Many parents are skipping household bills to meet the cost of back-to-school expenses.

Faced with forking out more than €300 for books alone, they are having to "rob Peter to pay Paul".

Barnardo's accused the Government of forcing parents to subsidise an underfunded education system.

It costs up to €800 to buy all that is needed for a pupil starting in first year in secondary school, a survey by the children's charity found.

Parents of a senior infant in primary school must find €355 for clothes, footwear, books and other costs like ­classroom resources. More than any other public service, schooling relies on ­subsidies from families, according to ­Barnado's head of advocacy June Tinsley, right.

"The ­impact of these ­mounting costs means many parents are forgoing other bills, cutting back on daily essentials or ending up in debt to ensure their children have all they need for the new year," she said.


Barnardo's poll of 1,800 parents found that 45pc had to ignore other bills or cut back on daily essentials to support their children's education.

Most parents of primary school pupils pay between €50 and €100 on books.

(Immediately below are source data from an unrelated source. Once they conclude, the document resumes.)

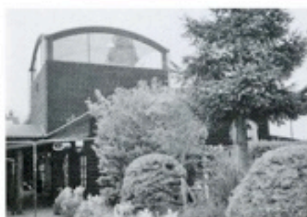
創立記念：ゆふいん駅「山モミジ」 初代は残念なことに枯れてしまい、 現在は2代目が植えられている。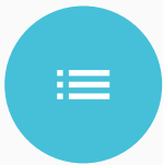
Lista de precios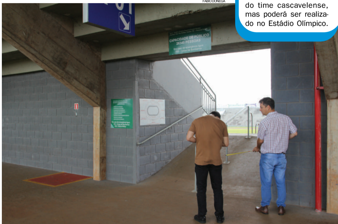
Rampas das arquibancadas estão com inclinação fora dos padrões

O imbróglio no Estádio Olímpico se dá na inclinação das rampas de acesso do público às arquibancadas. Ainda de acordo com Bulgarelli, o Ministério Público pediu confirmações de que o Município estaria buscando corrigir o problema: “foi oficiada a Secretaria de Obras, solicitando cópia da licitação do concreto bombeado e se teríamos mão de obra para o serviço, o que também foi atendido, com cópia do contrato com a PIC [Penitenciária Industrial de Cascavel], dos apenados. Então, acredito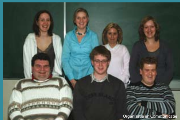
Organisatie en Communicatie

Gecombineerd onderwijs is een combinatie van contactonderwijs en afstandsonderwijs, waarbij het contactonderwijs ten minste de helft van de lestijden bedraagt. Dit schooljaar is CVO DTL gestart met de invoering ervan. Momenteel worden de modules "Photoshop3" en "Organisatie en Communicatie" in dit type onderwijs aangeboden.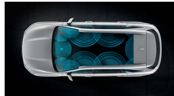
PRÉMIOVÝ ZVUKOVÝ SYSTÉM BOSE®

V rámci nášho rozsiahleho prísľubu kvality majú všetky nové vozidlá Kia, ktoré sú z výroby vybavené navigačným zariadením LG, nárok na šesť bezplatných ročných aktualizácií máp v servisnom mieste. Tento jedinečný program je zárukou, že svoj navigačný systém budete mať stále aktuálny.

One in five parents of secondary school pupils pays more than €300. The survey found generic school uniforms are more common at primary level than secondary.

Parents spend an average of €95 on school-specific uniforms at primary level, and between €150 and €200 at secondary.

Costs have remained similar to last year's, with a slight reduction in the amount sought for the voluntary contribution, and a fall in the cost of footwear.

However, the survey found that fewer parents are being asked to pay a voluntary contribution this year.


Instead, more are being asked to pay the mandatory classroom resources fees.

Ms Tinsley said the costs for parents are huge.

"No other public service has to subsidise their funding to keep the show on the road, so why should the Department of Education expect schools to have to undertake extensive fundraising activities from parents and staff to fund necessities?"

She said Budget 2018 must take the first step towards making education free for all children by providing free books for all pupils in primary school.

Barnardo's urged the Government to uphold a child's constitutional right to free primary education - committing an extra €103.2m a year in Budget 2018 to make it happen.

Ms Tinsley said this can be phased in over three years starting with €20m on free school books for all.

Barnardo's also wants the Government to commit to investing €126.9m annually to make secondary education free for all children once the goal of free primary education has been achieved.